### Work to complete
Return each entry below exactly. Skip the images.

- Opening Delimiter -

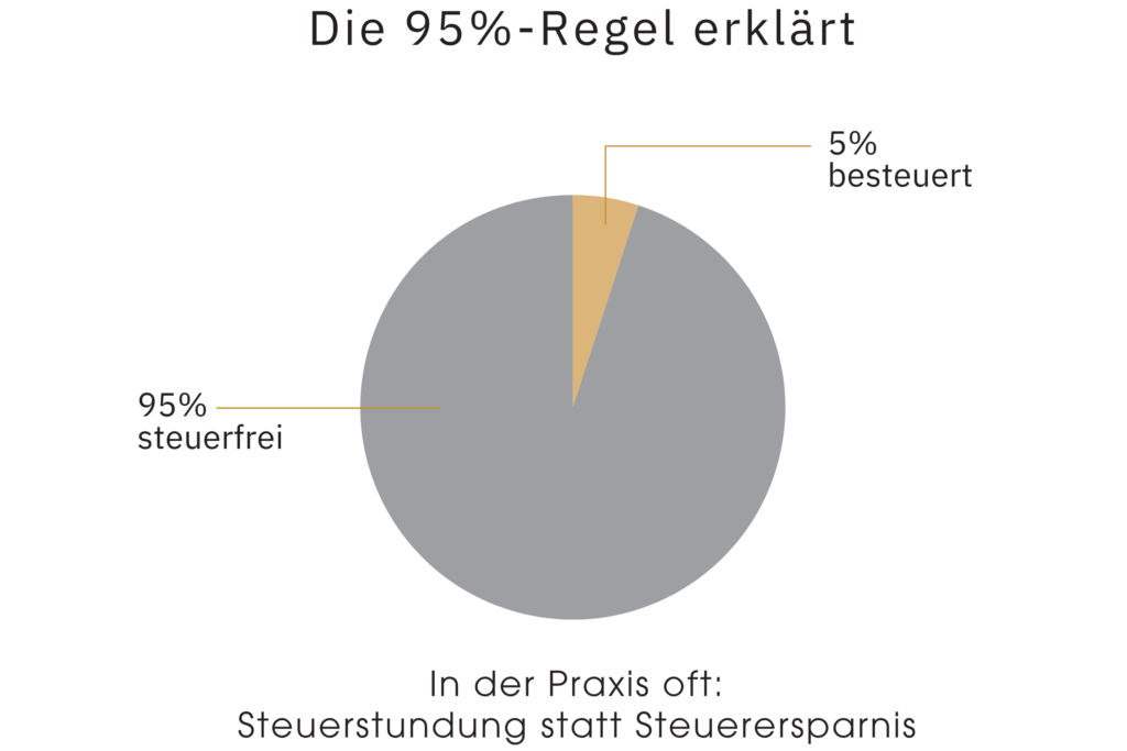 Dividends can be disregarded when calculating income; 5% is treated as non-deductible business expenses on a flat-rate basis – hence the rough “95% logic”. There is a comparable mechanism for capital gains.
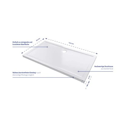 Im zeitlosen, puristischen Design ist die Duschtasse aus Acryl der Serie Pure perfekt abgestimmt auf die moderne, individuelle Badgestaltung. Sie bietet hohe Flexibilität bei Planung und Einbau – so bleiben keine Wünsche offen. Mit einem Maß von 140 x 90 cm und dank einer Tiefe von nur 4 cm ermöglicht sie einen barrierefreien Einstieg. Die Duschwanne Pure zeichnet sich durch ihr elegantes Design aus und ist aus extra widerstandsfähigem Acryl gefertigt. Ihr leichtes Gewicht und das schlanke Profil ermöglichen eine leichte Handhabung und Montage. Die Duschtasse lässt sich einfach reinigen und ist kratzfest. Es wird kein weiteres Montagezubehör mitgeliefert.
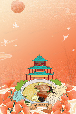 中国风陕西特色美食羊肉泡馍潮风背景
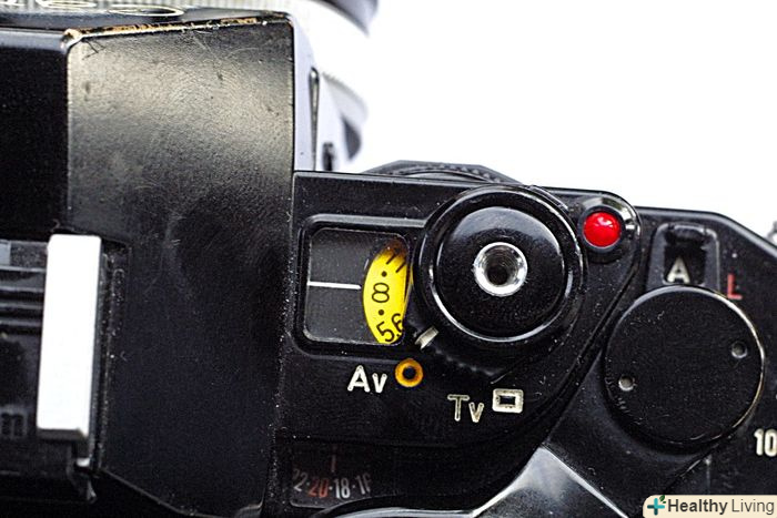 - Режим пріоритету діафрагми дозволить вам встановити значення діафрагми , а камера потім підбере відповідне значення витримки автоматично. Використовуйте цю функцію, якщо хочете знімати при широко відкритій або маленькій діафрагмі (тобто якщо хочете впливати на глибину різкості). Переведіть колесо регулювання в положення " Av " і виберіть потрібне значення діафрагми за допомогою перемикача AT.Поверніть колесо в положення " Av " і виберіть значення діафрагми.
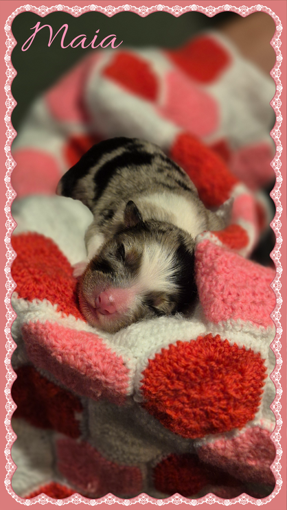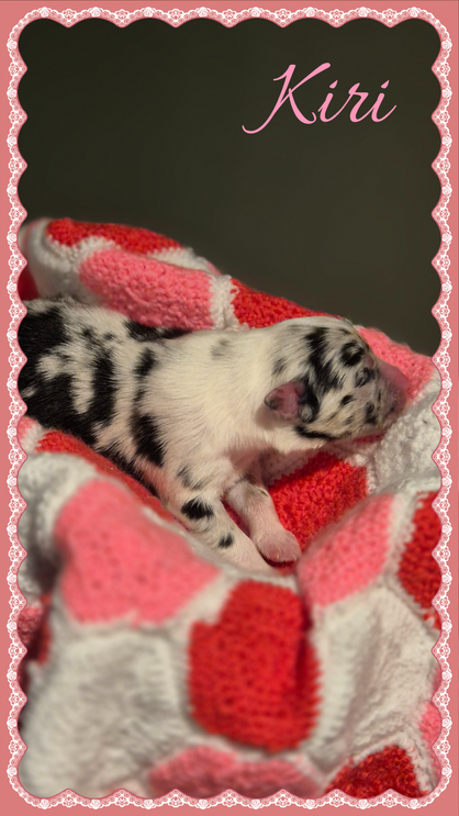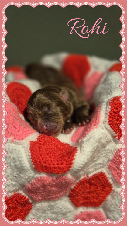 Ik zal de pups voorstellen hieronder. Op volgorde van geboorte zijn hier de dotjes:

- Closing Delimiter -

### Problem solution
 Dividends can be disregarded when calculating income; 5% is treated as non-deductible business expenses on a flat-rate basis – hence the rough “95% logic”. There is a comparable mechanism for capital gains.
 Im zeitlosen, puristischen Design ist die Duschtasse aus Acryl der Serie Pure perfekt abgestimmt auf die moderne, individuelle Badgestaltung. Sie bietet hohe Flexibilität bei Planung und Einbau – so bleiben keine Wünsche offen. Mit einem Maß von 140 x 90 cm und dank einer Tiefe von nur 4 cm ermöglicht sie einen barrierefreien Einstieg. Die Duschwanne Pure zeichnet sich durch ihr elegantes Design aus und ist aus extra widerstandsfähigem Acryl gefertigt. Ihr leichtes Gewicht und das schlanke Profil ermöglichen eine leichte Handhabung und Montage. Die Duschtasse lässt sich einfach reinigen und ist kratzfest. Es wird kein weiteres Montagezubehör mitgeliefert.
 中国风陕西特色美食羊肉泡馍潮风背景
 - Режим пріоритету діафрагми дозволить вам встановити значення діафрагми , а камера потім підбере відповідне значення витримки автоматично. Використовуйте цю функцію, якщо хочете знімати при широко відкритій або маленькій діафрагмі (тобто якщо хочете впливати на глибину різкості). Переведіть колесо регулювання в положення " Av " і виберіть потрібне значення діафрагми за допомогою перемикача AT.Поверніть колесо в положення " Av " і виберіть значення діафрагми.
 Ik zal de pups voorstellen hieronder. Op volgorde van geboorte zijn hier de dotjes:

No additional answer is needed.